WORK ORDER.
The answer must be an exact copy of the lines from the one containing "USA och Tyskland" through the end of the records, with the pictures left out.

INPUT.

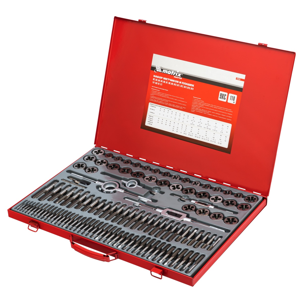 Купить Набор метчиков и плашек М2-М18, 110 шт, металлический кейс Matrix V4420 по лучшей цене с доставкой - интернет магазин №1 в России
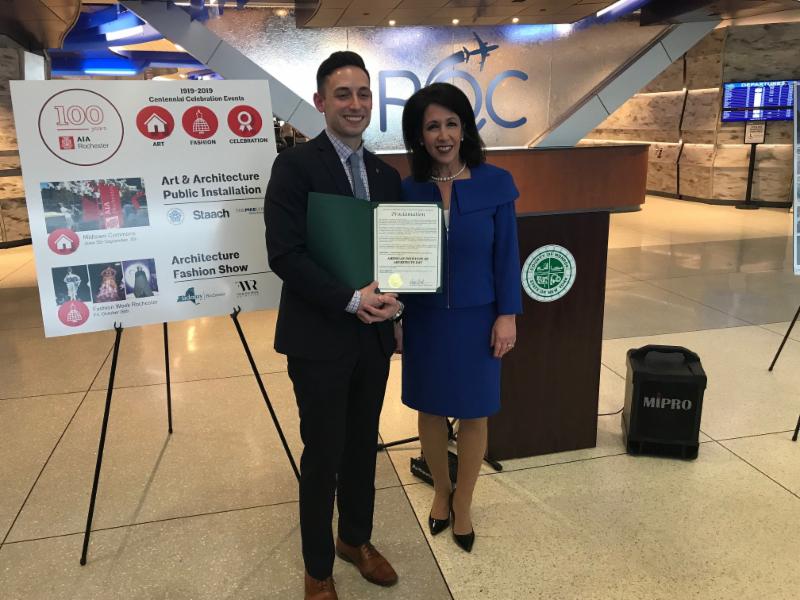 AIA Rochester officially kicked off our 100th year anniversary of professional architects in Rochester with a press conference at the renovated airport on January 23, 2019. AIA Rochester 2019 President Jason Streb, AIA, presented our three main public initiatives: the Installation Competition, the Fashion Week show, and our Centennial-themed Design Awards Gala.   He was joined by Cheryl Dinolfo of Monroe County and Holly   Barrett of the City of Rochester, who proclaimed January 23 to be American Institute of Architects Day and The 100th Anniversary of AIA Rochester in the County and City, respectively.   Dinolfo and   Barrett publicly lauded the architects of our city for the positive contribution we have made in shaping our landscape and our community. Streb was also joined by City Councilmember Elaine Spaull and   Meghan McNamara Mundy, who spoke excitedly of our upcoming Fashion Week collaboration.
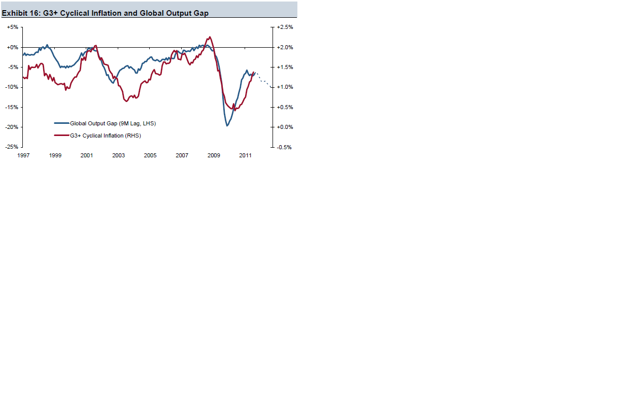 USA och Tyskland ser inte så dåligt ut faktiskt… Tittar man på hela eurozonen däremot så perkar det på RECESSION… men USA är snarare LTG, dvs 0-2%. Chart 2 är intressant. Den visar att EM 1, inte är de coupled på nåt sätt och 2, LTG miljö i DM är lika med en tillväxt på ca 5-10%. Tredje chartet visar att risken för inflation är fortsatt låg. Vi måste minst upp till 0 strecket för att vi ska börjar bli oroliga. Sen har vi ASSET inflation, men det är en helt annan historia. Den brukar tvärtom vara positiv för tillväxten.
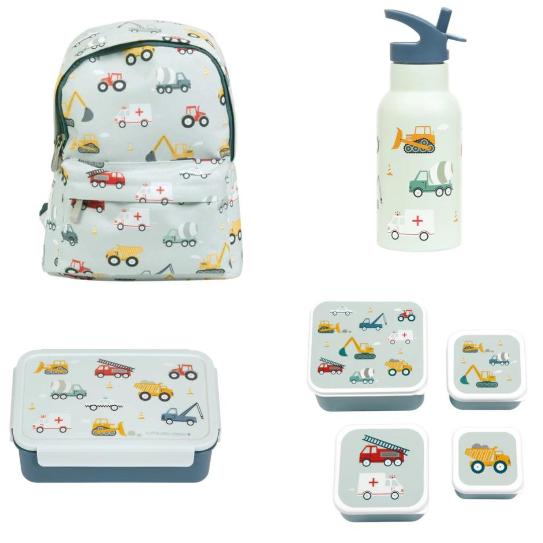 BEAU by Bo A Little Lovely Company Back to school set - Rugzak/Drinkfles RVS/4 Snackdozen/Bentobox - Voertuigen
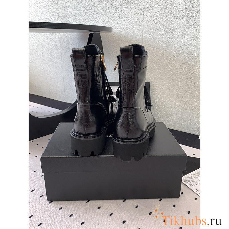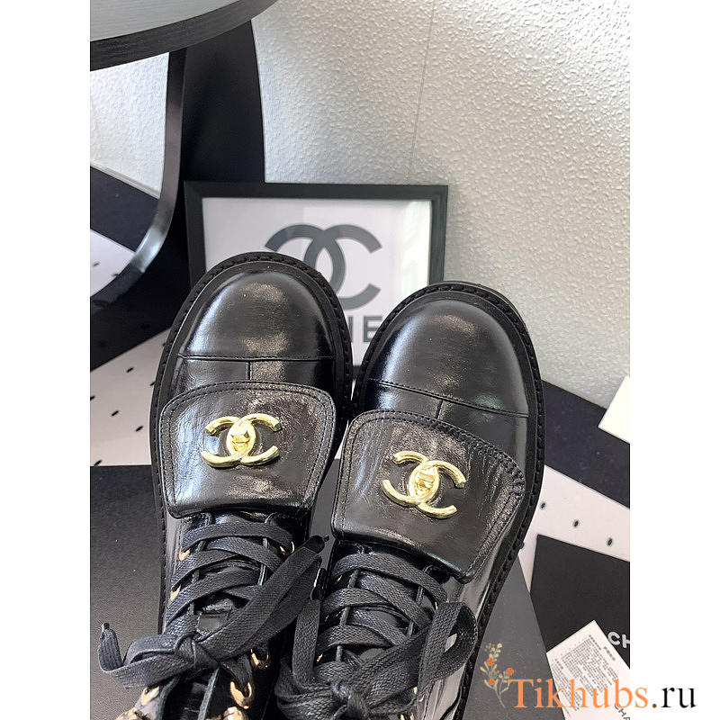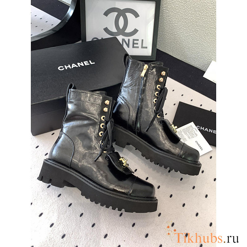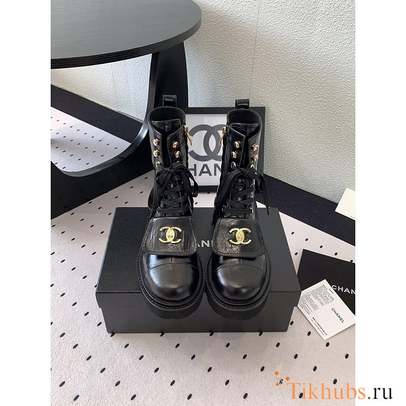 Chanel CC Short Boots Gold Logo Print Lambskin Black

EXERCISE SOLUTION.
 USA och Tyskland ser inte så dåligt ut faktiskt… Tittar man på hela eurozonen däremot så perkar det på RECESSION… men USA är snarare LTG, dvs 0-2%. Chart 2 är intressant. Den visar att EM 1, inte är de coupled på nåt sätt och 2, LTG miljö i DM är lika med en tillväxt på ca 5-10%. Tredje chartet visar att risken för inflation är fortsatt låg. Vi måste minst upp till 0 strecket för att vi ska börjar bli oroliga. Sen har vi ASSET inflation, men det är en helt annan historia. Den brukar tvärtom vara positiv för tillväxten.
 BEAU by Bo A Little Lovely Company Back to school set - Rugzak/Drinkfles RVS/4 Snackdozen/Bentobox - Voertuigen
 Chanel CC Short Boots Gold Logo Print Lambskin Black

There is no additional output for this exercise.